A Swedish ecologist is proposing the idea as an environmentally friendly alternative to burial and cremation. “If you come from the soil, you should also give back to it,” says Susanne Wiigh-Masak, an environmental consultant based in Lyrö, Sweden. Her proposals have already won provisional approval from the Church of Sweden.

Wiigh-Masak says there are problems with both cremation and burial. She estimates that crematoria use the equivalent of 50 litres of oil to reduce a body to ash. They also release toxic chemicals into the atmosphere, such as mercury vapour from dental fillings and cancer-causing polyaromatic hydrocarbons.

Green grave

Burial is also not as green as it might seem. In many countries, bodies have to be embalmed. A corpse buried in a coffin then takes 50 to 60 years to decompose, and as it does so, embalming chemicals such as formaldehyde can pollute the groundwater. Wiigh-Masak says her method safely returns all organic compounds to the soil within six months.

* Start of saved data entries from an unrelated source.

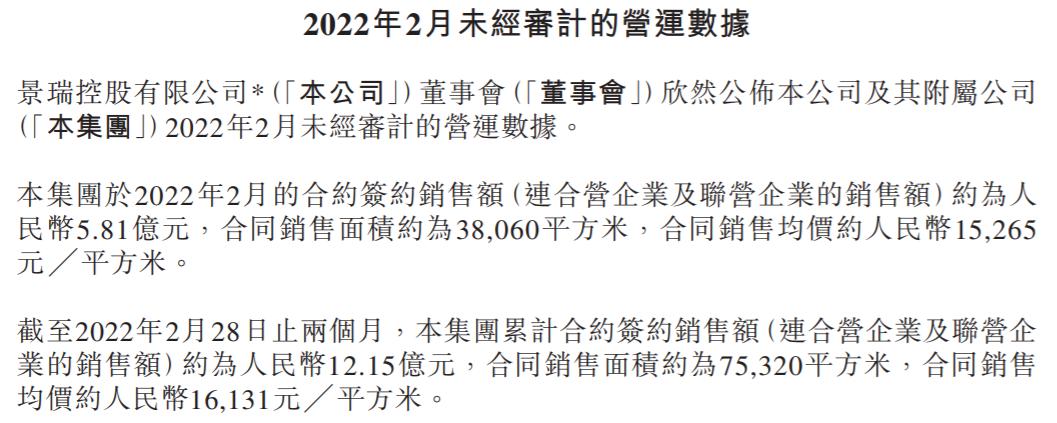 进入2022年,景瑞控股仍然面临较为严峻地的市场环境。公告显示,2022年1-2月,景瑞控股累计合约签约销售额(连合营企业及联营企业的销售额)约12.15亿元,同比减少约68.67%。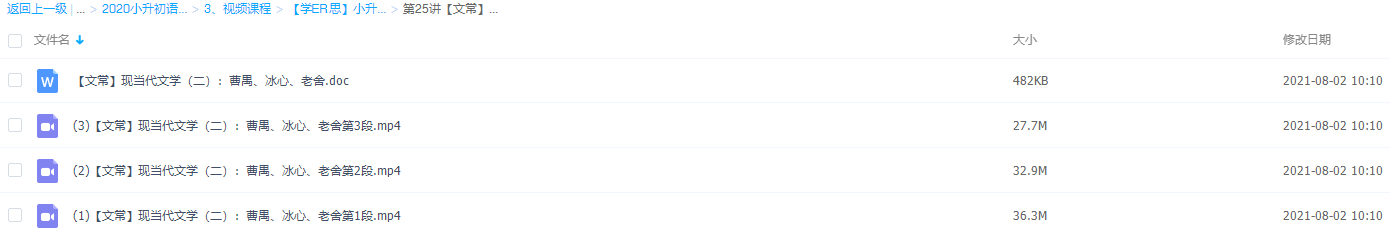 学而思【文常】现当代文学二:曹禺、冰心、老舍必读科目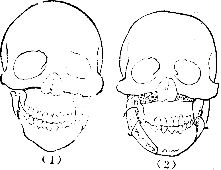 图1 右第一、二鳃裂综合征 整形手术治疗,如为骨胳的轻度畸形,行上颌骨、颧骨、下颌骨体部的外嵌植骨术后,即可获得较好的形态。移植骨可取自髂骨或肋骨,劈分后应用。骨骼的重度畸形,则需长、宽、厚的立体修复。因外嵌植骨法只能增加宽度和厚度,故还需在植骨前先行长度的延长,即上颌骨的横向截骨和下颌骨升支的纵向劈分截骨术,然后以健侧的上颌结节为轴向正常侧旋转, 使咬面恢复水平位。 旋转后,在上颌骨所出现的楔状缺损以骨块移植充填,下颌骨的空隙则以移植骨桥接,并可增加下颌部宽度; 下颌骨升支关节端缺失者,也可用移植骨替代修复(图2)。日后还需行下颌骨的颏部截骨并向前方和健侧推进的颏成形术,或恢复颞下颌关节活动的手术。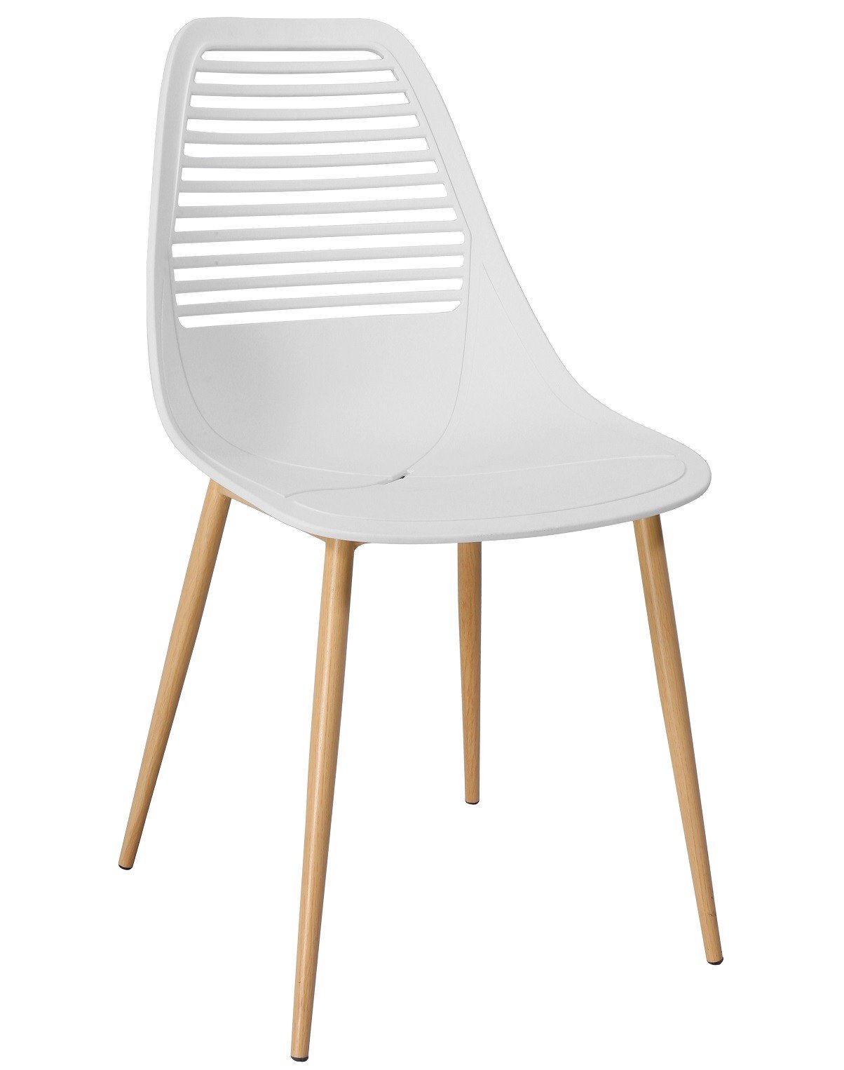 Silla de diseño, base de metal con acabado imitación madera, asiento y respaldo de polipropileno inyectado de color blanco. Otros colores disponibles. Taburete del mismo color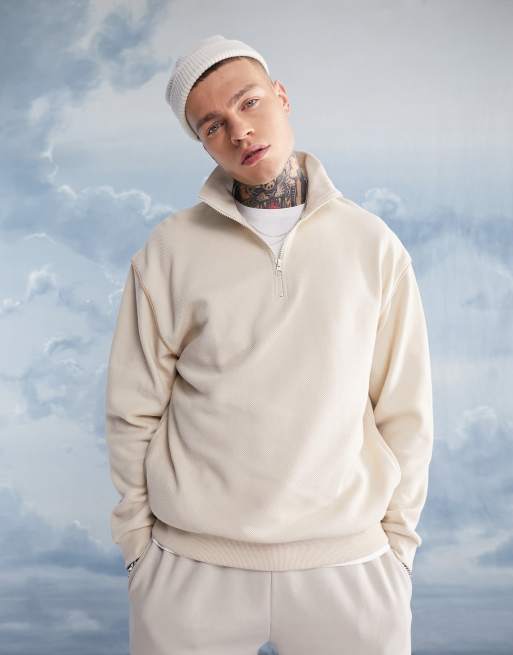 ASOS DESIGN oversized quarter zip sweatshirt in beige texture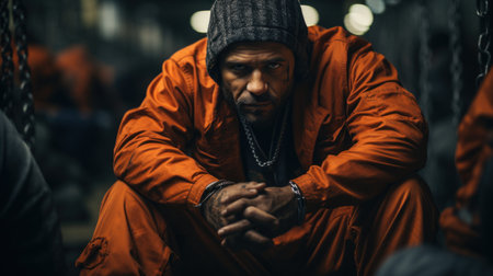Intense close-up of a handcuffed convict wearing an orange prison uniform and a beanie, creating a powerful and dramatic atmosphere.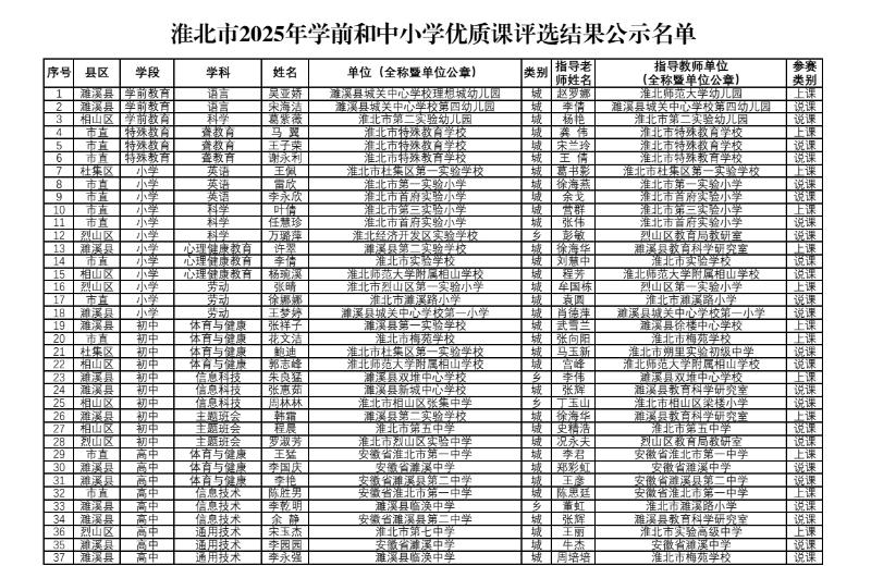 近日,淮北市教育局公布2025年学前和中小学优质课评选结果。淮北七中宋玉杰、烈山区实验中学罗淑芳、烈山区第一实验小学张晴、淮北市经济开发区实验学校万璐萍等4位老师获荐参加安徽省2025年中小学优质课评选活动。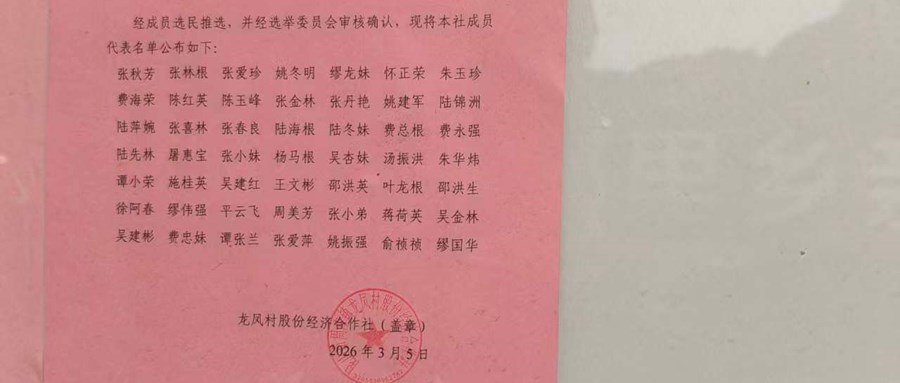 2026年龙凤村股份经济合作社换届选举社成员代表公告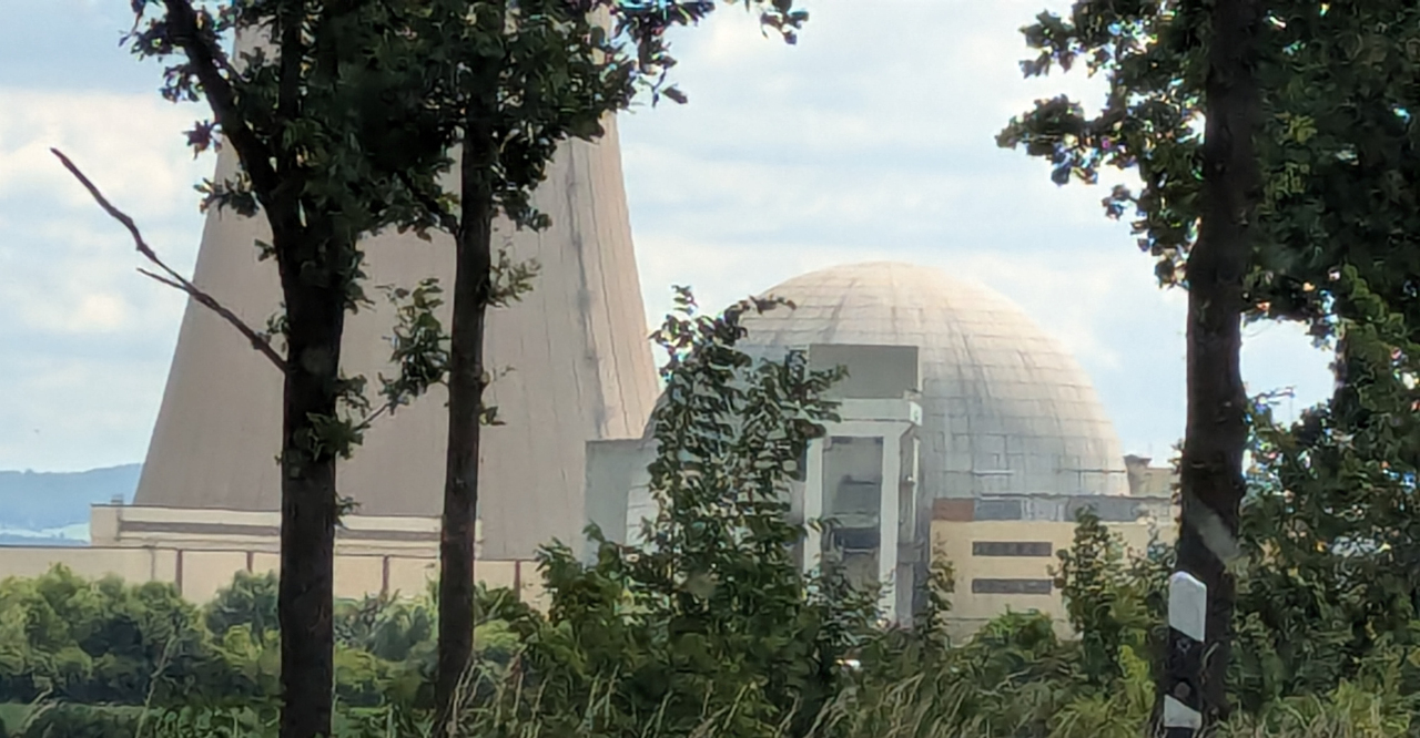 Zwischen Bäumen erkennt man einen Teil eines Kühlturms und die Kuppel über dem Reaktor des Kernkraftwerk Grohnde.

Wiigh-Masak has tested her technique on dead pigs and cows. She immerses the carcasses in a bath of liquid nitrogen at less than ­196 °C, while bombarding them with ultrasound waves to crack open the tissue so the nitrogen can penetrate and deep-freeze the carcasses right to the core. Applying a vacuum removes water from the remains.

“What you are left with is a hygienic, odourless powder that is less than one per cent water,” Wiigh-Masak says. An 80 kilogram body produces about 20 kilograms of powder, which can be placed in a biodegradable coffin and buried in a shallow grave.

Life after death

Wiigh-Masak says she has had a number of inquiries from funeral homes. Many run crematoria that will soon have to be updated to meet Swedish emissions laws, she says, and adopting her technology would be cheaper than upgrading them. She estimates the cost of freeze-drying bodies will be comparable to that of cremation.

Swedish law states that bodies must be embalmed and buried metres underground. But Wiigh-Masak says it is likely that the law will be relaxed to allow freeze-drying. In a recent newspaper poll in Sweden, 40 per cent of those questioned said they approved of the method, while very few actively opposed it. The Church of Sweden also gave her its blessing. “My method is very close to their reading of the Bible,” she says.

The Church of England would probably accept the procedure too, so long as it’s done in a dignified manner, says Geoffrey Rowell, the Bishop of Basingstoke and chair of a multi-faith committee on funerals. “The concern of the Church is that bodies are reverently disposed of,” he says.